Thank God for Carnival

Carnival has been viewed traditionally as that religious event which precedes Ash Wednesday and the Lenten season. Lent has largely lost its religious significance for many, but Carnival continues to perform many social functions, some of which are not immediately obvious. It is the time of the year when the nation exhales, when many people, especially women, take a break from stress-inducing activities. For many, it is a season when people feel good about themselves, and about the country itself. It is also a time when the cultural artistry of our citizens flowers and is most on display, and when many of us are proudest of our nation.
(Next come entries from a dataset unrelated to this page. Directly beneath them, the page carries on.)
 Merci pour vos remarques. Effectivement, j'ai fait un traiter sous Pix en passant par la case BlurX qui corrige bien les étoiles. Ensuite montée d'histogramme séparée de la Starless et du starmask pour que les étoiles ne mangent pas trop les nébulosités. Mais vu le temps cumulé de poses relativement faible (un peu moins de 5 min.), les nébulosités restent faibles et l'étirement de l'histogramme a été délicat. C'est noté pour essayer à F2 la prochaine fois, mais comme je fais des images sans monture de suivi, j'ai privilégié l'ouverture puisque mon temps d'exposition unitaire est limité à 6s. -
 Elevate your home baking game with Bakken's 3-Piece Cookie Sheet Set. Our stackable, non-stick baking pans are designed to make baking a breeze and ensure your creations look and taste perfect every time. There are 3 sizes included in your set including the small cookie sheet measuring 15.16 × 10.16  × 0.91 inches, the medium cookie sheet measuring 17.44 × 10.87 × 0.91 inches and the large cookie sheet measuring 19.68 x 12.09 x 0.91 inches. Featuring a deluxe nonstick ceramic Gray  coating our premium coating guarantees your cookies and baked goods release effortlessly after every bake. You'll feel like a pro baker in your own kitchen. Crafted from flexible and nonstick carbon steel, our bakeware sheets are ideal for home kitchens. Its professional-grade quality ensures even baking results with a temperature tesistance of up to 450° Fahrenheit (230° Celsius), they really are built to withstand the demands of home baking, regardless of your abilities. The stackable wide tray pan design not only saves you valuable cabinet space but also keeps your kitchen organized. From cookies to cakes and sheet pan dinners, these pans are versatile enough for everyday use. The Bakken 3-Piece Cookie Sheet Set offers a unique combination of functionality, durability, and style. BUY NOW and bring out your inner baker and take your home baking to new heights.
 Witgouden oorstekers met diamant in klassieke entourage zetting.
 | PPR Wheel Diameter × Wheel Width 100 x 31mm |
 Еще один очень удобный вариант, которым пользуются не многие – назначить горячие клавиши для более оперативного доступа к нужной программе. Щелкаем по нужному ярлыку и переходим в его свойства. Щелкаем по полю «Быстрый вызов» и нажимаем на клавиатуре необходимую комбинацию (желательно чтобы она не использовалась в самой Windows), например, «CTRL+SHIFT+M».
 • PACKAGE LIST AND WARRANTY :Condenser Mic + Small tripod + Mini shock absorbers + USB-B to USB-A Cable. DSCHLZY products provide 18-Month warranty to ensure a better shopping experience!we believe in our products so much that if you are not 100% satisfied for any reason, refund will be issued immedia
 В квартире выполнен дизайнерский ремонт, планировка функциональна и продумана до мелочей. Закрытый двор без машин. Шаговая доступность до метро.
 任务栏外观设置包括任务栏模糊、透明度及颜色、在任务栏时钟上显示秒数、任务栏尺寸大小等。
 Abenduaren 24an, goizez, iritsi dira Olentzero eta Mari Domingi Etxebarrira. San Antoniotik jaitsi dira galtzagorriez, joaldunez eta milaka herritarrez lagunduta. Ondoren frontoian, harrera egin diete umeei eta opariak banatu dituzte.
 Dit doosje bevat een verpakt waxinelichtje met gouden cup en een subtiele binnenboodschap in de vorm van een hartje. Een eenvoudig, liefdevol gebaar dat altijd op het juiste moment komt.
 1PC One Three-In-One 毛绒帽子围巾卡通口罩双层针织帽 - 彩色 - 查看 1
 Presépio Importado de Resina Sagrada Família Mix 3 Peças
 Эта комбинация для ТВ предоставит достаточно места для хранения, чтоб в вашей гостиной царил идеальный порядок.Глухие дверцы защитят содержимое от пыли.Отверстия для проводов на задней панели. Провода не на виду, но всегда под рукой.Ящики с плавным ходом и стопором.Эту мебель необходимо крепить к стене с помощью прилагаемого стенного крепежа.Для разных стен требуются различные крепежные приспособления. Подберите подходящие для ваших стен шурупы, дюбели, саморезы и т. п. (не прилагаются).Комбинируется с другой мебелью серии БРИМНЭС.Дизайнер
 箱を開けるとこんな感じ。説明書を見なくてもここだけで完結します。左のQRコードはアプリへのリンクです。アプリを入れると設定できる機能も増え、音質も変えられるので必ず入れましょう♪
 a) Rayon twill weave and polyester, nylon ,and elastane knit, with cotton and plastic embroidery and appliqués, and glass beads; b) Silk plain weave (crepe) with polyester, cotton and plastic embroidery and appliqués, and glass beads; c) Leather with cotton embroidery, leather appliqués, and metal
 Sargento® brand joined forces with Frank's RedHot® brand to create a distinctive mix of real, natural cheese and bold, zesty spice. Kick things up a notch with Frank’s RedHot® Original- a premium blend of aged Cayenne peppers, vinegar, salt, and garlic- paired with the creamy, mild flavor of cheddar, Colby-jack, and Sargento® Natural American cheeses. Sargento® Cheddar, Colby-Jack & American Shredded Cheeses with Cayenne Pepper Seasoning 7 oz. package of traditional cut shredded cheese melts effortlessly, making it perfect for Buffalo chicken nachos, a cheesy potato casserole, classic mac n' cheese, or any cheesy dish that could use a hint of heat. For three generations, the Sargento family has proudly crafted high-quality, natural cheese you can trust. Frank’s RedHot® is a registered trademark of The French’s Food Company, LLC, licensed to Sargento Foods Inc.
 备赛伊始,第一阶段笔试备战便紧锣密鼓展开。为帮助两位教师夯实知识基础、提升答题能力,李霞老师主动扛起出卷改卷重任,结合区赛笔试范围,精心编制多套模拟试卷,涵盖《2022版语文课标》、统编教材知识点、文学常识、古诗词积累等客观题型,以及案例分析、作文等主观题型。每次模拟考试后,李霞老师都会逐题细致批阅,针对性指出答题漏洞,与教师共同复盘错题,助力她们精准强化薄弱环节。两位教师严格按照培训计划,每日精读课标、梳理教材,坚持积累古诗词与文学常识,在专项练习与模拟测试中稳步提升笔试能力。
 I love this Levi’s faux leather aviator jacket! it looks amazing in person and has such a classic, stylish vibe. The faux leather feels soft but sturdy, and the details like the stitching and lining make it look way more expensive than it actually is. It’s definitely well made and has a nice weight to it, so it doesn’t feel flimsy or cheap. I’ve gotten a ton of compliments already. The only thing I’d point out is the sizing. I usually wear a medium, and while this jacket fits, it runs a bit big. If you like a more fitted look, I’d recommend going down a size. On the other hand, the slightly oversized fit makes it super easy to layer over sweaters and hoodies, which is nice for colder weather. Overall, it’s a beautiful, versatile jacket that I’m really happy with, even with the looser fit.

I say all this knowing that there are many citizens who are allergic to and apoplectic about Carnival, especially the two-day procession of bands, and seek refuge by going abroad or to the beach. We even have those who, like the lady from Cascade, argued that those who took part in the recent march against crime should have boycotted Carnival to make “the ultimate statement that the country’s security system was inadequate to protect citizens and visitors at this time.” Clearly, such an initiative would have had unintended consequences that might be socially expensive. We should however note that many who avoid the streets on the two days of Carnival still take part in some aspects of the pre-Carnival activity, either directly or vicariously through media offerings. In more ways than one, Carnival is the quintessential national festival, and this holds across age cohorts, gender and ethnicity, though in various proportions.